Martin Loughlin dalam Sword and Scales (2000) memberikan suatu gambaran atas hubungan politik dan hukum. Bahwa hukum menunjukkan dirinya sebagai seperangkat prinsip dasar yang menyediakan kerangka kerja bagi politik yang akan dijalankan. Dengan demikian, hukum mengungkapkan suatu landasan rasional dan memiliki legitimasi yang mengatur atau menetapkan prasyarat pelaksanaan politik.

Maka, apabila Pasal 240, 241, 353, dan 354 tetap dipertahankan oleh pembentuk UU, misi yang diemban RKUHP, seperti demokratisasi hukum pidana, pada akhirnya nanti akan menemukan jalan buntu di kemudian hari dan menimbulkan dampak negatif bagi ekosistem demokrasi konstitusional.
Dampak tersebut berupa kondisi kemunduran dalam demokrasi konstitusional. Studi Azis Huq dan Tom Ginsburg (”How to Lose a Constitutional Democracy”, 2018) memberikan analisis kemunduran demokrasi sebagai proses pembusukan yang berjalan secara bertahap.
Dalam konteks keempat pasal RKUHP tersebut, itu akan berdampak pada penurunan kualitas pada hak berbicara atau berpendapat. Ketika kemunduran tersebut semakin dalam,hal itu akan mengurangi kinerja demokrasi serta menyusutnya ruang publik, lalu disusul dengan adanya pergeseran demokrasi liberal konstitusional ke arah demokrasi non-liberal konstitusional.
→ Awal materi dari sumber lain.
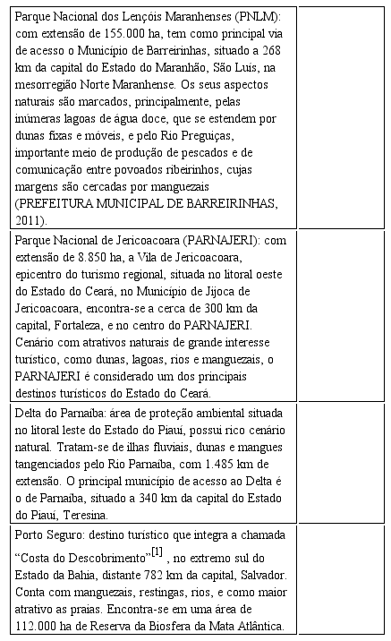 Os destinos turísticos definidos foram: (a) Lençóis Maranhenses, Município de Barreirinhas (Maranhão); (b) Jericoacoara, Município de Jijoca de Jericoacoara (Ceará); (c) Delta do Parnaíba, Município de Parnaíba (Piauí); (d) Porto Seguro, Municípios de Santa Cruz Cabrália e de Porto Seguro (Bahia). No Quadro 1 são apresentadas, resumidamente, suas principais características.

Apabila Pasal 240, 241, 353, dan 354 tetap dipertahankan oleh pembentuk UU, misi yang diemban RKUHP, seperti demokratisasi hukum pidana, pada akhirnya nanti akan menemukan jalan buntu.
Dalam studi Drinóczi & Bien-Kacala (”Illiberal Constitutionalism: The Case of Hungary and Poland”, 2018), memberikan pemetaan bergesernya rezim demokrasi liberal konstitusional di Hongaria dan Polandia, dimulai ketika menggunakan instrumen hukum yang memiliki legitimasi, lalu memangkas pilar-pilar demokrasi konstitusional, seperti prinsip negara hukum demokratis, HAM, dan kebebasan sipil menjadi tidak mutlak, dengan tetap mempertahankan ciri demokrasi konstitusional secara formal. Dalam konteks Polandia, upaya pembentukan ekosistem demokrasi nonliberal konstitusional telah melahirkan suatu peran negara yang semakin kuat dalam relasinya dengan warga negara.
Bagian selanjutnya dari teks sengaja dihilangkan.